> Source data:
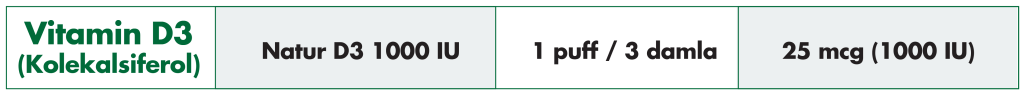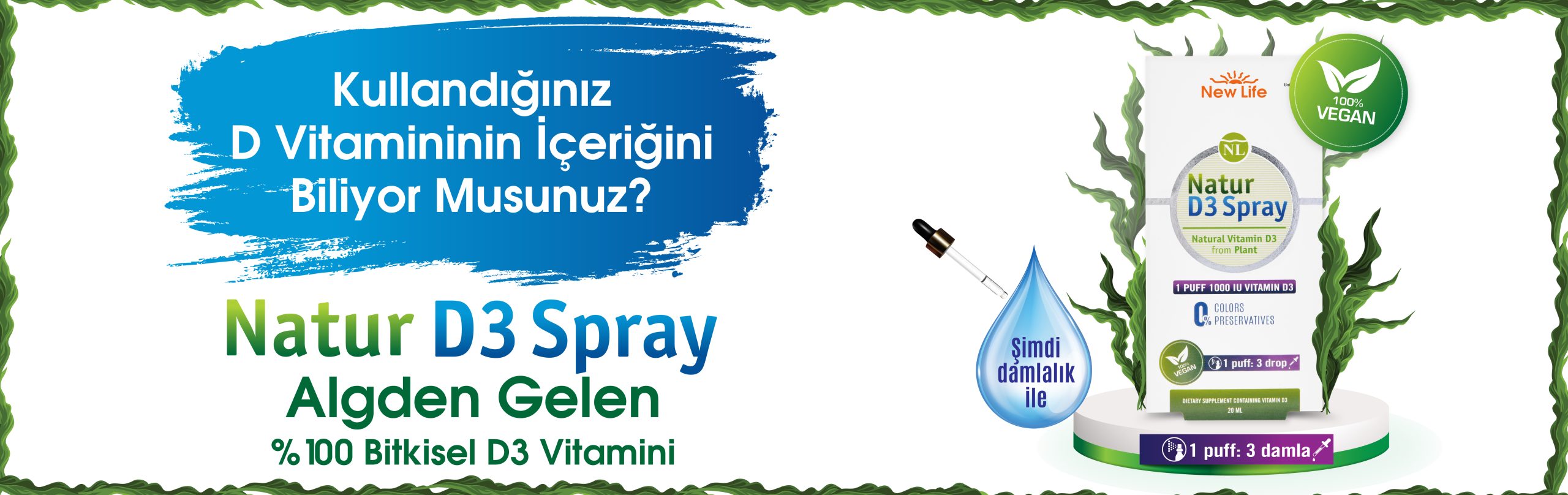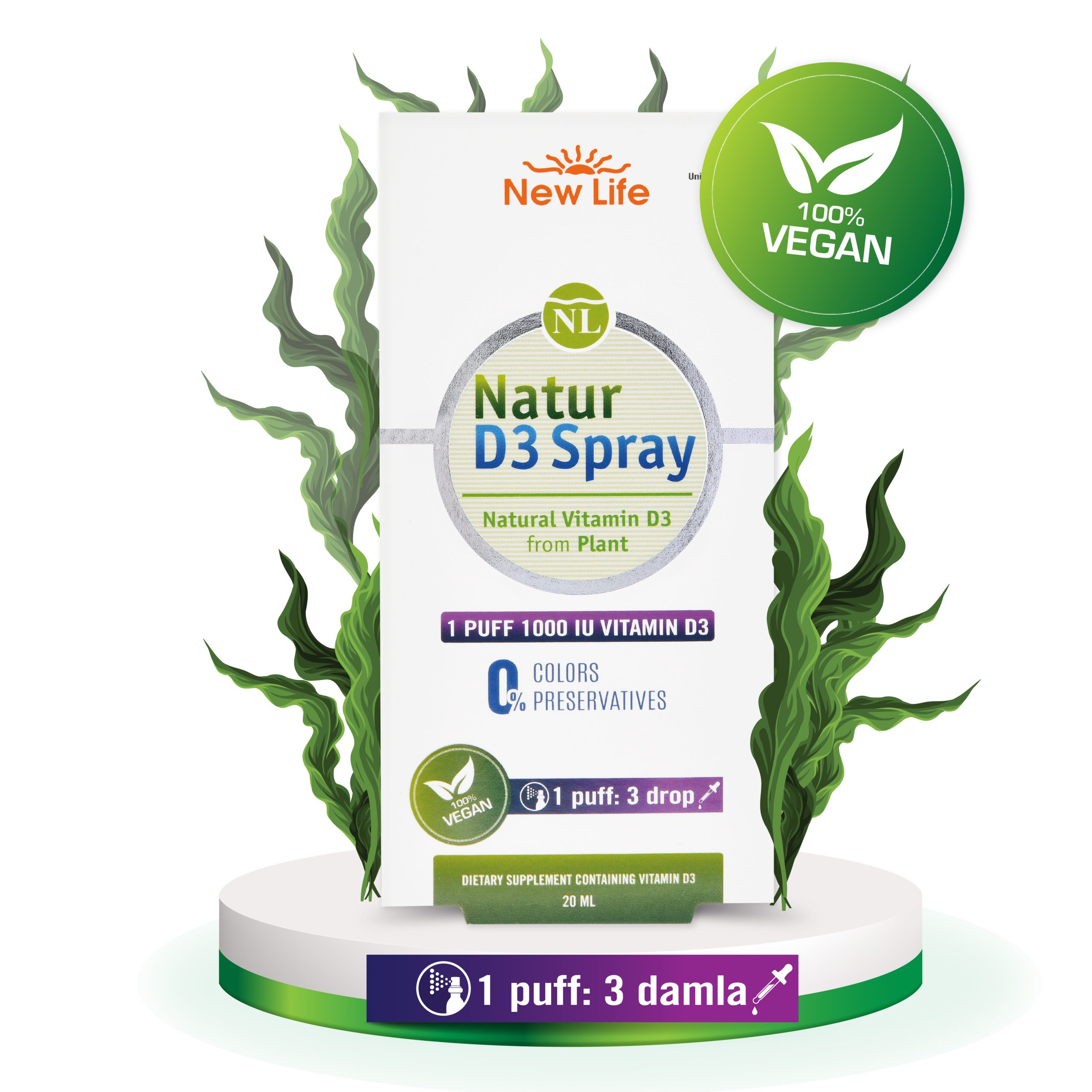 NaturD3 1000 IU, hem sprey hem damlalık başlığa sahiptir. Hiçbir koruyucu katkı maddesi içermeyen %100 bitkisel kaynaklı vegan D3 vitaminidir. Tatlandırıcı ve BHA içermez.
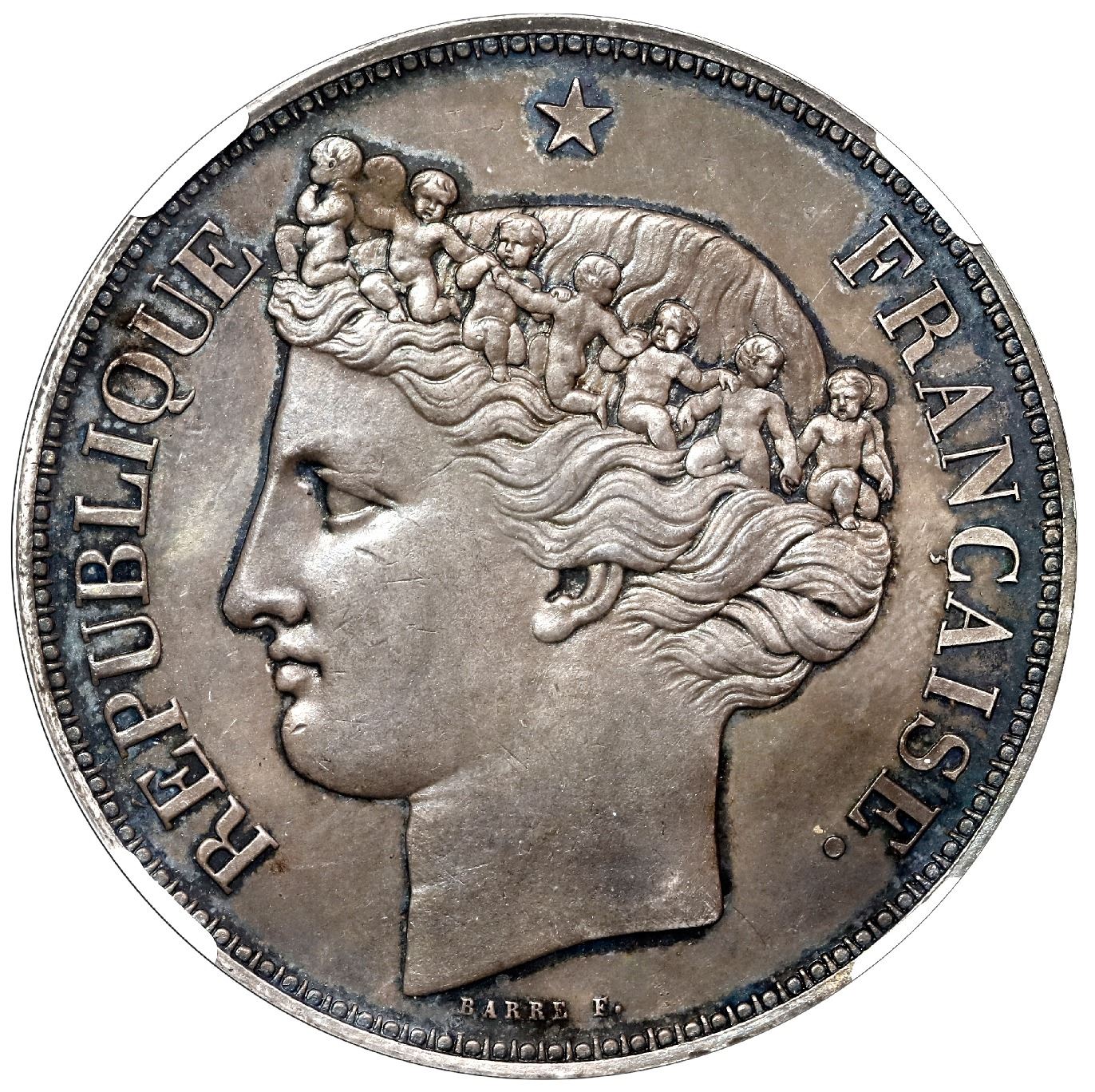Chile (struck at the Paris Mint in France), silvered bronze uniface obverse essai (5 francs), 1851, rare, NGC MS 61, finest and only example in NGC census. Maz-1267B var; KM-Pn9 var. Deeply rainbow toned over rather muted luster, no wear and only a couple tiny marks, an interesting pattern struck for Chile in the French design by the famous engraver Barre (whose name appears below the bust) in a unique design with Lady Liberty wearing a crown of cherubs.
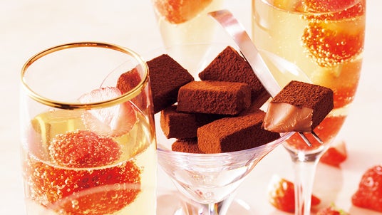 砂糖や洋酒などに漬けたいちごにシャンパンをそそいだカクテル「ストロベリーシャンパン」をイメージした生チョコレート。ミルクの風味が感じられるチョコレートにストロベリーパウダーとシャンパン ピエール ミニョン、マールドシャンパーニュ、ストロベリーリキュールをブレンドしました。ほのかなストロベリーの酸味とシャンパンの華やかな香りが楽しめる、特別なシーズンにぴったりの味わいです。
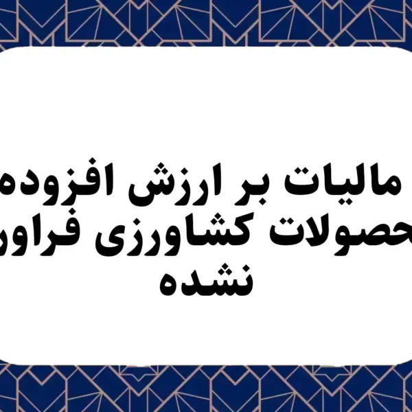 مالیات بر ارزش افزوده محصولات کشاورزی فراوری نشدهTakmanخرداد ۹, ۱۴۰۴موضوع:مالیات بر ارزش افزوده محصولات کشاورزی فرآوری نشده، گیاهان دارویی ، محصولات مرتعی، محصولات جنگل و …….. کلمات کلیدی: قانون ... ادامه مطلب
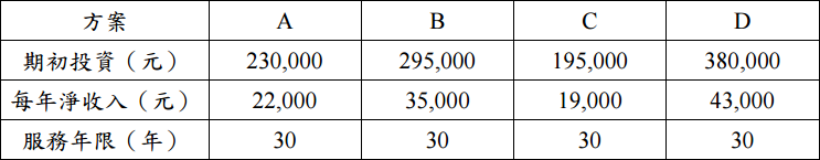【已刪除】一、政府欲興建一水工結構物,共有四項方案可以採用,四項方案的資料如下表所示, 試應用本益分析(Cost-Benefit Analysis)選擇最有利的方案(年利率為 10%)。 (20 分)
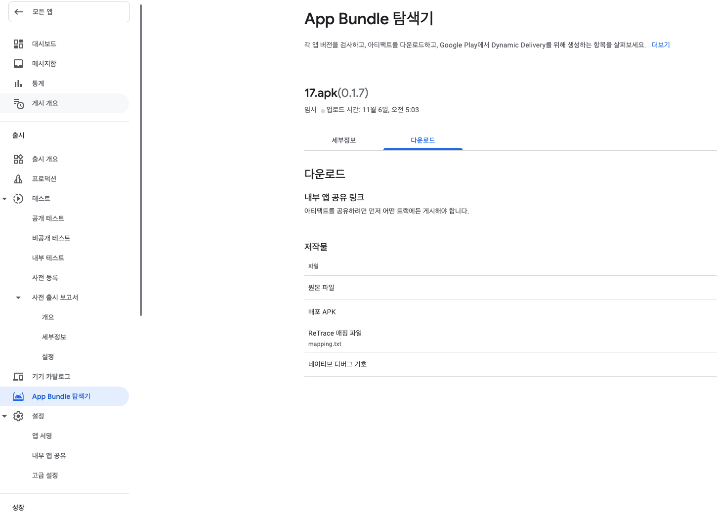 APK 파일 다운로드및 매핑파일 네이티브 디버그 기호 파일 업로드가 가능합니다.
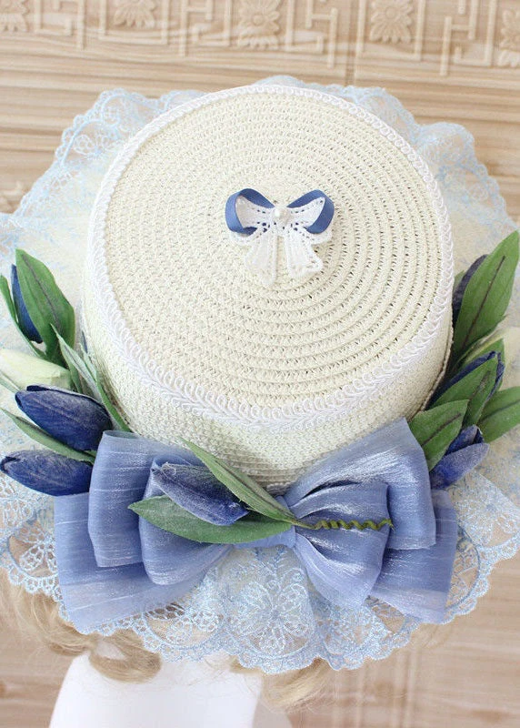 Elegant Pink Bow Lace Patchwork Straw Woven Cloche Hat
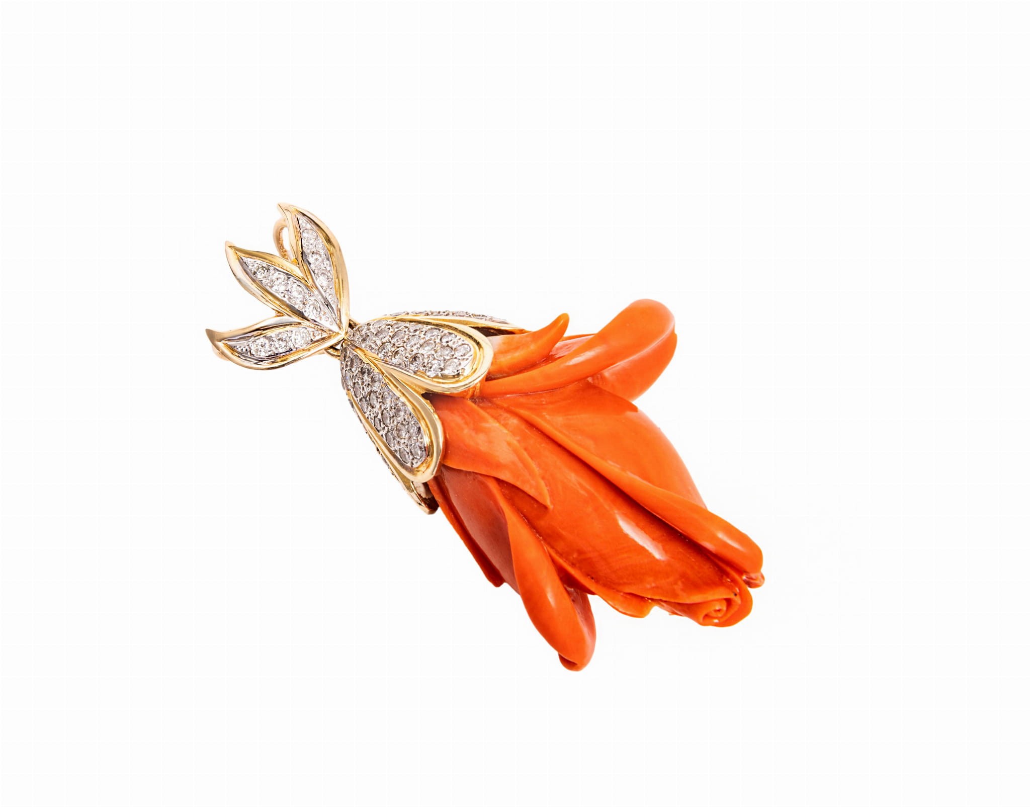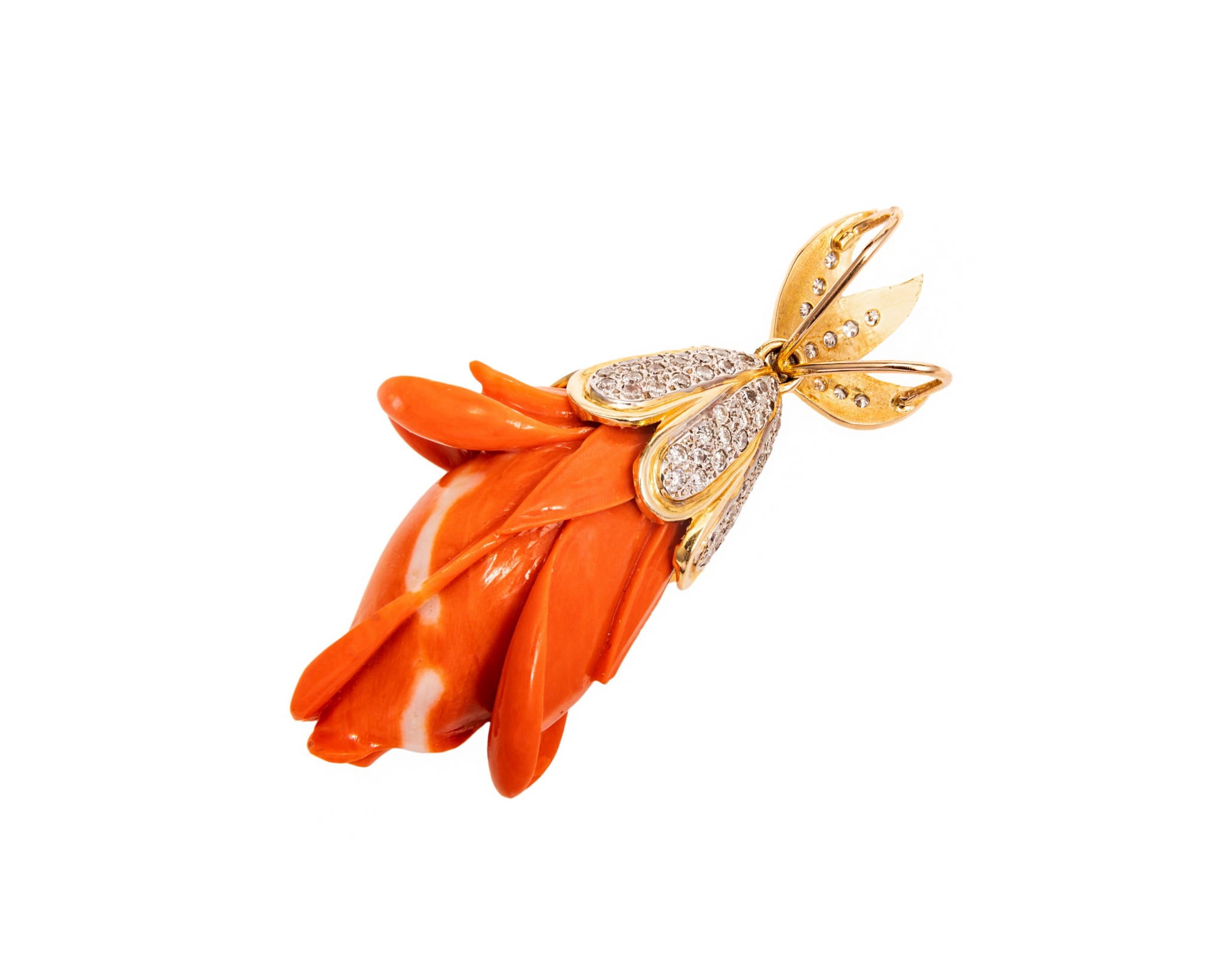 Zawieszka z rzeźbionego koralu w formie kwiatu, z diamentami

> Action item: Return the material above exactly; the images stay out.

> Exercise solution:
 NaturD3 1000 IU, hem sprey hem damlalık başlığa sahiptir. Hiçbir koruyucu katkı maddesi içermeyen %100 bitkisel kaynaklı vegan D3 vitaminidir. Tatlandırıcı ve BHA içermez.
Chile (struck at the Paris Mint in France), silvered bronze uniface obverse essai (5 francs), 1851, rare, NGC MS 61, finest and only example in NGC census. Maz-1267B var; KM-Pn9 var. Deeply rainbow toned over rather muted luster, no wear and only a couple tiny marks, an interesting pattern struck for Chile in the French design by the famous engraver Barre (whose name appears below the bust) in a unique design with Lady Liberty wearing a crown of cherubs.
 砂糖や洋酒などに漬けたいちごにシャンパンをそそいだカクテル「ストロベリーシャンパン」をイメージした生チョコレート。ミルクの風味が感じられるチョコレートにストロベリーパウダーとシャンパン ピエール ミニョン、マールドシャンパーニュ、ストロベリーリキュールをブレンドしました。ほのかなストロベリーの酸味とシャンパンの華やかな香りが楽しめる、特別なシーズンにぴったりの味わいです。
 مالیات بر ارزش افزوده محصولات کشاورزی فراوری نشدهTakmanخرداد ۹, ۱۴۰۴موضوع:مالیات بر ارزش افزوده محصولات کشاورزی فرآوری نشده، گیاهان دارویی ، محصولات مرتعی، محصولات جنگل و …….. کلمات کلیدی: قانون ... ادامه مطلب
【已刪除】一、政府欲興建一水工結構物,共有四項方案可以採用,四項方案的資料如下表所示, 試應用本益分析(Cost-Benefit Analysis)選擇最有利的方案(年利率為 10%)。 (20 分)
 APK 파일 다운로드및 매핑파일 네이티브 디버그 기호 파일 업로드가 가능합니다.
 Elegant Pink Bow Lace Patchwork Straw Woven Cloche Hat
 Zawieszka z rzeźbionego koralu w formie kwiatu, z diamentami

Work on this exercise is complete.